◆ Records supplied

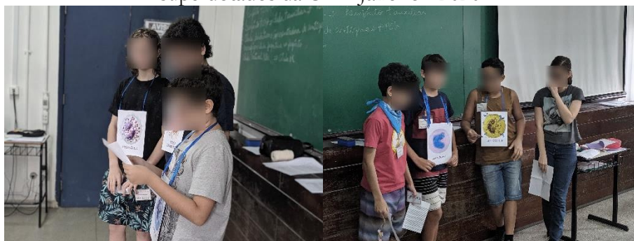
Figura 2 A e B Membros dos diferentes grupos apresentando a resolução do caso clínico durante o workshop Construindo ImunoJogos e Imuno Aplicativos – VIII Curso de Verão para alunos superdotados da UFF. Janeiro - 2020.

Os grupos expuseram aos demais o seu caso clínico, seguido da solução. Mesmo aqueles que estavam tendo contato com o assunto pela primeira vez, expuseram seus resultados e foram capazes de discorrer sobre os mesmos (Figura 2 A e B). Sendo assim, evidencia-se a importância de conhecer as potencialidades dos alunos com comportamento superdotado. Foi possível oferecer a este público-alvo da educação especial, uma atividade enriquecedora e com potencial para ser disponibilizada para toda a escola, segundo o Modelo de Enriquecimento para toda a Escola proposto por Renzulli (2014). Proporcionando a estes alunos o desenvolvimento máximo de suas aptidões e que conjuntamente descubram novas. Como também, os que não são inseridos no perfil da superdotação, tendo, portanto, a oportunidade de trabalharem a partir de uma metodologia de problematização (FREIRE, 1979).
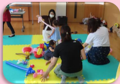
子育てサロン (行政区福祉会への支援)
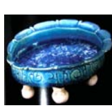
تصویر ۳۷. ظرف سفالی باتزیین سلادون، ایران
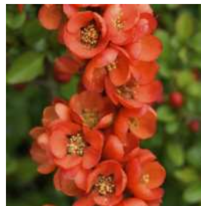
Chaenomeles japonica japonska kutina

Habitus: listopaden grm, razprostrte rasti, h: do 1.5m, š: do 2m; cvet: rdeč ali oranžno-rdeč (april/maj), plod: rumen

◆ What is required
Could you please repeat the entries above exactly, with every picture left out?

◆ Solution to this exercise
Figura 2 A e B Membros dos diferentes grupos apresentando a resolução do caso clínico durante o workshop Construindo ImunoJogos e Imuno Aplicativos – VIII Curso de Verão para alunos superdotados da UFF. Janeiro - 2020.

Os grupos expuseram aos demais o seu caso clínico, seguido da solução. Mesmo aqueles que estavam tendo contato com o assunto pela primeira vez, expuseram seus resultados e foram capazes de discorrer sobre os mesmos (Figura 2 A e B). Sendo assim, evidencia-se a importância de conhecer as potencialidades dos alunos com comportamento superdotado. Foi possível oferecer a este público-alvo da educação especial, uma atividade enriquecedora e com potencial para ser disponibilizada para toda a escola, segundo o Modelo de Enriquecimento para toda a Escola proposto por Renzulli (2014). Proporcionando a estes alunos o desenvolvimento máximo de suas aptidões e que conjuntamente descubram novas. Como também, os que não são inseridos no perfil da superdotação, tendo, portanto, a oportunidade de trabalharem a partir de uma metodologia de problematização (FREIRE, 1979).
子育てサロン (行政区福祉会への支援)
تصویر ۳۷. ظرف سفالی باتزیین سلادون، ایران
Chaenomeles japonica japonska kutina

Habitus: listopaden grm, razprostrte rasti, h: do 1.5m, š: do 2m; cvet: rdeč ali oranžno-rdeč (april/maj), plod: rumen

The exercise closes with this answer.